**Recorded data:**
• • • •
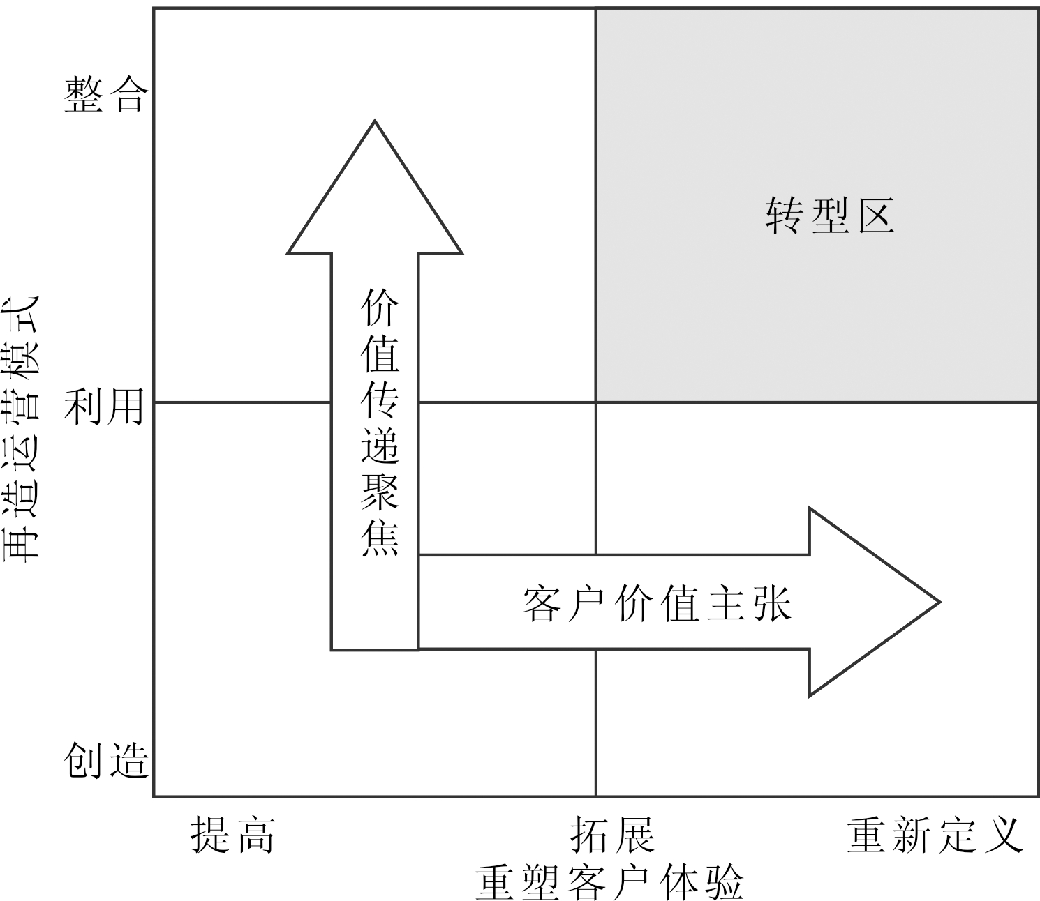 (2)数字化时代的商业模式转型路径,是企业价值主张重塑和运营模式再造并行的过程。数据化时代的商业模式转型路径,与企业的战略目标、行业环境、竞争压力和客户期望有关[9]。转型路径的区别更多体现在客户价值主张和运营模式再造程度的不同,但一定是二者合力作用的结果。单一的某一维度的再造,是不能实现商业模式成功转型的。
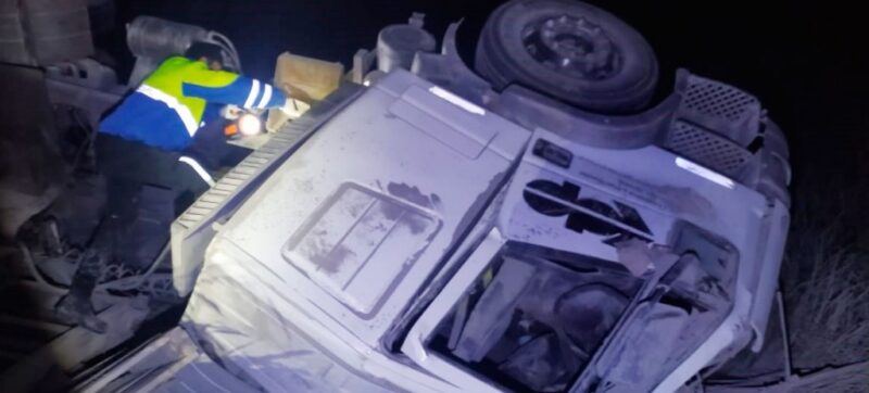 Se toma conocimiento desde el área de Seguridad Vial que en la Ruta 65 en cercanías a la bajada de Villa Sanz y Ordoqui, se habría producido el vuelco de un camión.
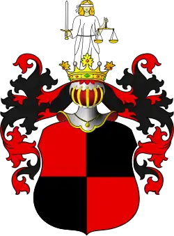 Tarcza skwadrowana, pola I i III czerwone, II i IV, czarne. Klejnot: nad hełmem w koronie postać Temidy z mieczem w prawicy i wagą w lewicy, z przewiązanymi oczyma, w szacie szarej. Labry czerwone, podbite czernią.
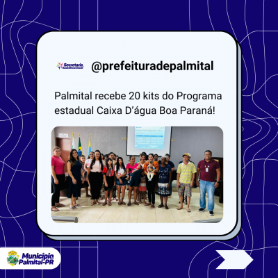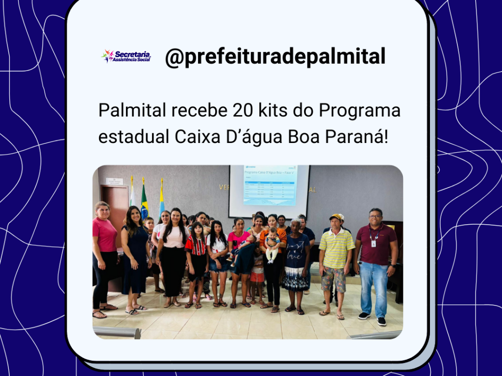 O município de Palmital foi contemplado com 20 unidades do programa Caixa d’Água Boa, uma iniciativa do Governo do Estado do Paraná, por meio da Secretaria do Desenvolvimento Social e Família (SEDEF) e da Companhia de Saneamento do Paraná (Sanepar). O programa tem como objetivo melhorar as condições habitacionais de famílias em situação de vulnerabilidade social, garantindo o acesso contínuo à água potável.
• • • •
**Work required:** Starting at the line that contains "Tarcza skwadrowana, pola", extract each line through the last line of the material exactly as written, and include no pictures.

**Task solution:**
 Tarcza skwadrowana, pola I i III czerwone, II i IV, czarne. Klejnot: nad hełmem w koronie postać Temidy z mieczem w prawicy i wagą w lewicy, z przewiązanymi oczyma, w szacie szarej. Labry czerwone, podbite czernią.
 O município de Palmital foi contemplado com 20 unidades do programa Caixa d’Água Boa, uma iniciativa do Governo do Estado do Paraná, por meio da Secretaria do Desenvolvimento Social e Família (SEDEF) e da Companhia de Saneamento do Paraná (Sanepar). O programa tem como objetivo melhorar as condições habitacionais de famílias em situação de vulnerabilidade social, garantindo o acesso contínuo à água potável.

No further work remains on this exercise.